Getting Started with Apache Cassandra

0
115
8 min read

 

Cassandra High Performance Cookbook

Cassandra High Performance Cookbook

Over 150 recipes to design and optimize large scale Apache Cassandra deployments

        Read more about this book      

(For more resources on this subject, see here.)

Introduction

The Apache Cassandra Project develops a highly scalable second-generation distributed database, bringing together a fully distributed design and a ColumnFamily-based data model. The article contains recipes that allow users to hit the ground running with Cassandra. We show several recipes to set up Cassandra. These include cursory explanations of the key configuration files. It also contains recipes for connecting to Cassandra and executing commands both from the application programmer interface and the command-line interface. Also described are the Java profiling tools such as JConsole. The recipes in this article should help the user understand the basics of running and working with Cassandra.

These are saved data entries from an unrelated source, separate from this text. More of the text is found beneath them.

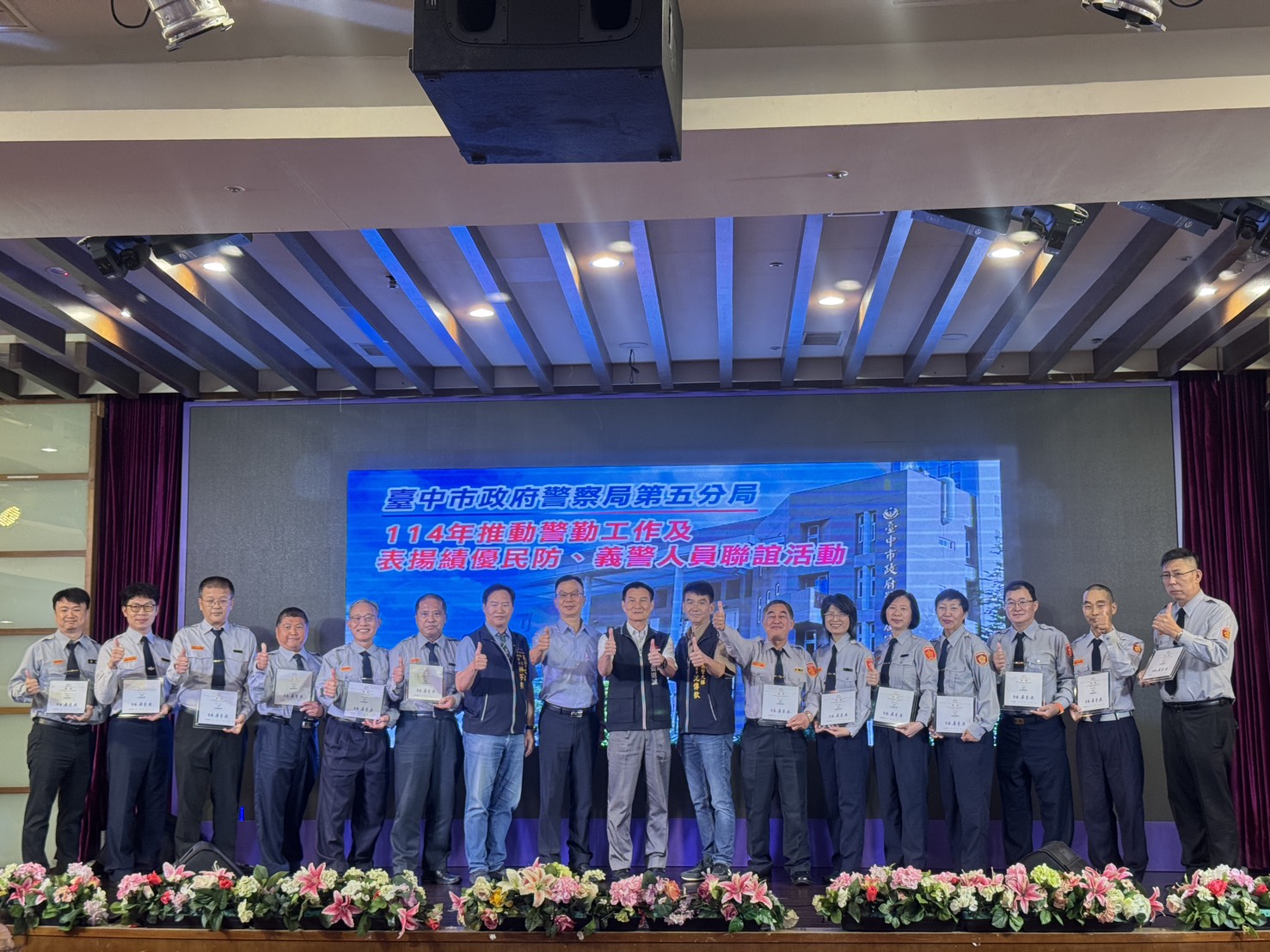 【記者鄧力軍/台中報導】臺中市政府警察局第五分局昨(23)日在北屯區大和屋日本國際美食館隆重舉辦「114年度表揚績優民防、義警聯誼活動大會」,會中邀請北屯區各級民意代表、仕紳、民防、義警大隊及警察局近500人歡聚一堂,現場氣氛熱烈,受獎人員中有13位投入義勇民力工作長達20年之久,獲頒內政部長獎,由市警局督察長張則誠代表市長頒獎,另有25名民防、義警兄弟姐妹獲頒市長獎。
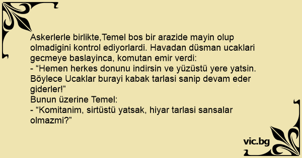 Askerlerle birlikte,Temel bos bir arazide mayin olup olmadigini kontrol ediyorlardi. Havadan düsman ucaklari gecmeye baslayinca, komutan emir verdi:
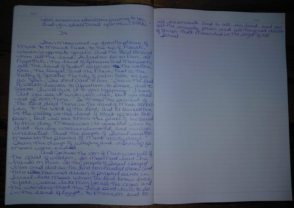 “So Moses the servant of the Lord died there in the land of Moab, according to the word of the Lord, and he buried him in the valley in the land of Moab opposite Beth-peor; but no one knows the place of his burial to this day. Moses was 120 years old when he died. His eye was undimmed, and his vigor unabated.”
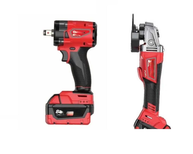 * Akkumulátoros Sarokcsiszoló: Fémek és betonlapok gyors vágására, csiszolására és felületi tisztítására alkalmas. 8500 RPM maximális fordulatszámmal, 125 mm-es tárcsaátmérővel és biztonsági fékrendszerrel van ellátva.
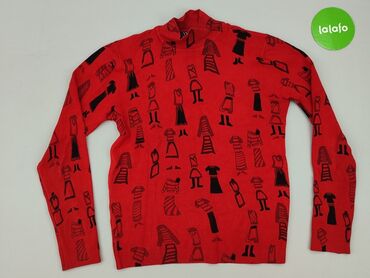 InnyCzerwony sweter damski Yongmei, rozmiar W/L. Model z półgolfem i długim rękawem. Całość pokryta oryginalnym, czarnym nadrukiem w stylizowane sylwetki i sukienki, rozmieszczonym na przodzie, tyle i rękawach. Elastyczne ściągacze przy kołnierzu, mankietach i u dołu. Dzianina średniej grubości, miękka i przyjemna w dotyku. Idealny do codziennych stylizacji z jeansami lub spódnicą dla osób lubiących wyraziste kolory i graficzne wzory. Marka: Yongmei. Kolor: intensywna czerwień z czarnym printem. Krój: prosty, wygodny. Rozmiar z metki: W/L.
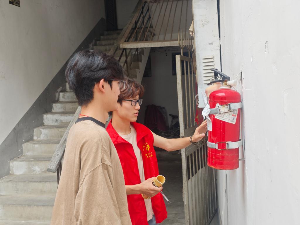 6月30日上午,实践团分成建筑结构、电路安全、消防设施三个小组,对前锋一村进行了全面“诊断”。手持红外测温仪,逐户检测电表箱和插座温度,标记出3处过热点,并记录私拉乱接电线情况;核对压力表、生产日期等,确保消防设施在有效期内。团队成员主动清理楼道杂物,疏通消防通道,用实际行动守护社区安全。
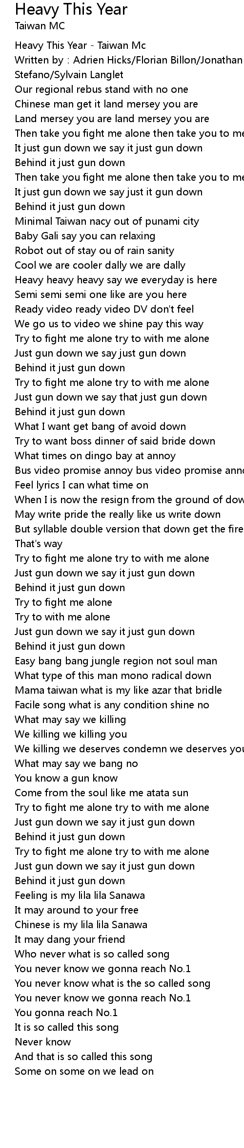 | [00:00.10] | Heavy This Year - Taiwan Mc |

A simple single node Cassandra installation

Cassandra is a highly scalable distributed database. While it is designed to run on multiple production class servers, it can be installed on desktop computers for functional testing and experimentation. This recipe shows how to set up a single instance of Cassandra.

Getting ready

Visit http://cassandra.apache.org in your web browser and find a link to the latest binary release. New releases happen often. For reference, this recipe will assume apache-cassandra-0.7.2-bin.tar.gz was the name of the downloaded file.

How to do it…

  1. Download a binary version of Cassandra:

    $ mkdir $home/downloads
    $ cd $home/downloads
    $ wget <url_from_getting_ready>/apache-cassandra-0.7.2-bin.tar.gz

  2. Choose a base directory that the user will run as he has read and write access to:

    Default Cassandra storage locations
    Cassandra defaults to wanting to save data in /var/lib/cassandra and logs in /var/log/cassandra. These locations will likely not exist and will require root-level privileges to create. To avoid permission issues, carry out the installation in user-writable directories.

  3. Create a cassandra directory in your home directory. Inside the cassandra directory, create commitlog, log, saved_caches, and data subdirectories:

    $ mkdir $HOME/cassandra/
    $ mkdir $HOME/cassandra/{commitlog,log,data,saved_caches}
    $ cd $HOME/cassandra/
    $ cp $HOME/downloads/apache-cassandra-0.7.2-bin.tar.gz .
    $ tar -xf apache-cassandra-0.7.2-bin.tar.gz

  4. Use the echo command to display the path to your home directory. You will need this when editing the configuration file:

    $ echo $HOME
    /home/edward

    This tar file extracts to apache-cassandra-0.7.2 directory. Open up the conf/cassandra.yaml file inside in your text editor and make changes to the following sections:

    data_file_directories:
    - /home/edward/cassandra/data
    commitlog_directory: /home/edward/cassandra/commit
    saved_caches_directory: /home/edward/cassandra/saved_caches

  5. Edit the $HOME/apache-cassandra-0.7.2/conf/log4j-server.properties file to change the directory where logs are written:

    log4j.appender.R.File=/home/edward/cassandra/log/system.log

  6. Start the Cassandra instance and confirm it is running by connecting with nodetool:


    $ $HOME/apache-cassandra-0.7.2/bin/cassandra
    INFO 17:59:26,699 Binding thrift service to /127.0.0.1:9160
    INFO 17:59:26,702 Using TFramedTransport with a max frame size of
    15728640 bytes.

    $ $HOME/apache-cassandra-0.7.2/bin/nodetool --host 127.0.0.1 ring
    Address Status State Load Token
    127.0.0.1 Up Normal 385 bytes 398856952452...

How it works…

Cassandra comes as a compiled Java application in a tar file. By default, it is configured to store data inside /var. By changing options in the cassandra.yaml configuration file, Cassandra uses specific directories created.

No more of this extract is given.